Thanks for taking a look, and thanks to all of the SMF family who provided me with their guidance and expertise in the fine art of making Grits. 

Chris


----------



## Ringer (Apr 13, 2022)

gmc2003 said:


> So very sorry about this thread only having a one picture, but I was more concerned with making this dish then doing a tutorial. After a fantastic afternoon watching my grandson. My wife and I came home and decided to go for it. Well *HOT* *DAMN* i'm glad we did.
> 
> Ingredients:
> 32oz of Chicken Broth
> ...


Chris, you nailed it man. That looks exactly like it should. Perfect execution!


----------



## gmc2003 (Apr 13, 2022)

Ringer said:


> Chris, you nailed it man. That looks exactly like it should. Perfect execution!
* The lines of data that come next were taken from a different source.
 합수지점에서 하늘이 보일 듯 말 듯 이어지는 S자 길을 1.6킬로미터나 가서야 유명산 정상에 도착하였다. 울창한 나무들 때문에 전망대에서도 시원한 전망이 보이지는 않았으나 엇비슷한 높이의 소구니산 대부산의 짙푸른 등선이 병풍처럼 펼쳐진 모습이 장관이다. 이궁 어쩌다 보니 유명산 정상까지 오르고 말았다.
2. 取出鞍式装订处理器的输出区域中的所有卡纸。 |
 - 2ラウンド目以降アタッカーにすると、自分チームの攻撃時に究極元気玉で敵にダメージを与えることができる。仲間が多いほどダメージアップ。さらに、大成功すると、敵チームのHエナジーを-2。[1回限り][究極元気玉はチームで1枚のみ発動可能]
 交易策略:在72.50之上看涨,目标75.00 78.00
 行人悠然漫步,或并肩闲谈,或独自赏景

Thanks Ringer, I was taken back at how good these grits were. I can't wait to try them with true grits. Appreciate the kind words and like.

Chris


----------



## TNJAKE (Apr 13, 2022)

Looks spot on and delicious Chris. Just wait till you try the full strength grits lol. Check out geechie boy grits. They are ground in south Carolina but our local Cajun spot uses them and they are my favorite by far. Nice work bud


----------



## Ringer (Apr 13, 2022)

gmc2003 said:


> I can't wait to try them with true grits.
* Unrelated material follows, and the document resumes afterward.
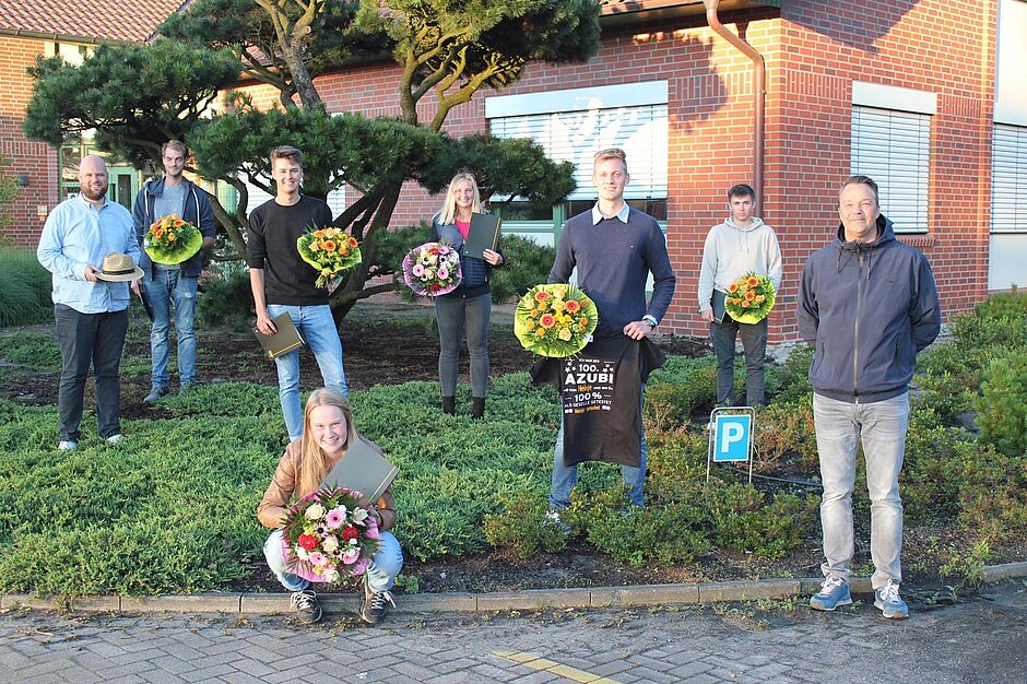 Timo Hülsmann ist der 100. Azubi, der seine Ausbildung in der Baumschule Diderk Heinje erfolgreich abgeschlossen hat. Gemeinsam mit Timo Hülsmann konnten sechs weitere Azubis ihren Berufsabschluss zum Baumschulgärtner feiern. „Erfahrungsgemäß sind unsere besten Mitarbeiter die, die wir selbst ausgebildet haben“, erklärt Ausbildungsleiter Jan Euteneuer.

Yes sir, you will be able to tell the difference. In cooking time but more importantly mouth feel and taste.


----------



## gmc2003 (Apr 13, 2022)

TNJAKE said:


> Looks spot on and delicious Chris. Just wait till you try the full strength grits lol. Check out geechie boy grits. They are ground in south Carolina but our local Cajun spot uses them and they are my favorite by far. Nice work bud
> 
> 
> 
> ...


Appreciate the kind words Jake. Up until a few days ago I didn't even know grits were made from corn. The last time I visited my daughter in Georgia I missed my opportunity to try grits. We bagged going out to dinner and had dad(me) bbq the whole week. 



Ringer said:


> Yes sir, you will be able to tell the difference. In cooking time but more importantly mouth feel and taste.


Thanks Ringer. Are true grits rougher or smoother. These had the mouth feel of oatmeal or creamy mashed potatoes. Best description I can think of. 

Chris


----------



## Ringer (Apr 13, 2022)

gmc2003 said:


> Are true grits rougher or smoother.


Real grits will still give you that creaminess and smoothness but you will get a better corn taste and toothy-ness if that makes sense. They will be a little more al dente but not crunchy. Kind of like a well cooked tiny pasta. You will be able to tell the difference but those 5 minute quaker Oats grits will do in a bind. I have used them plenty.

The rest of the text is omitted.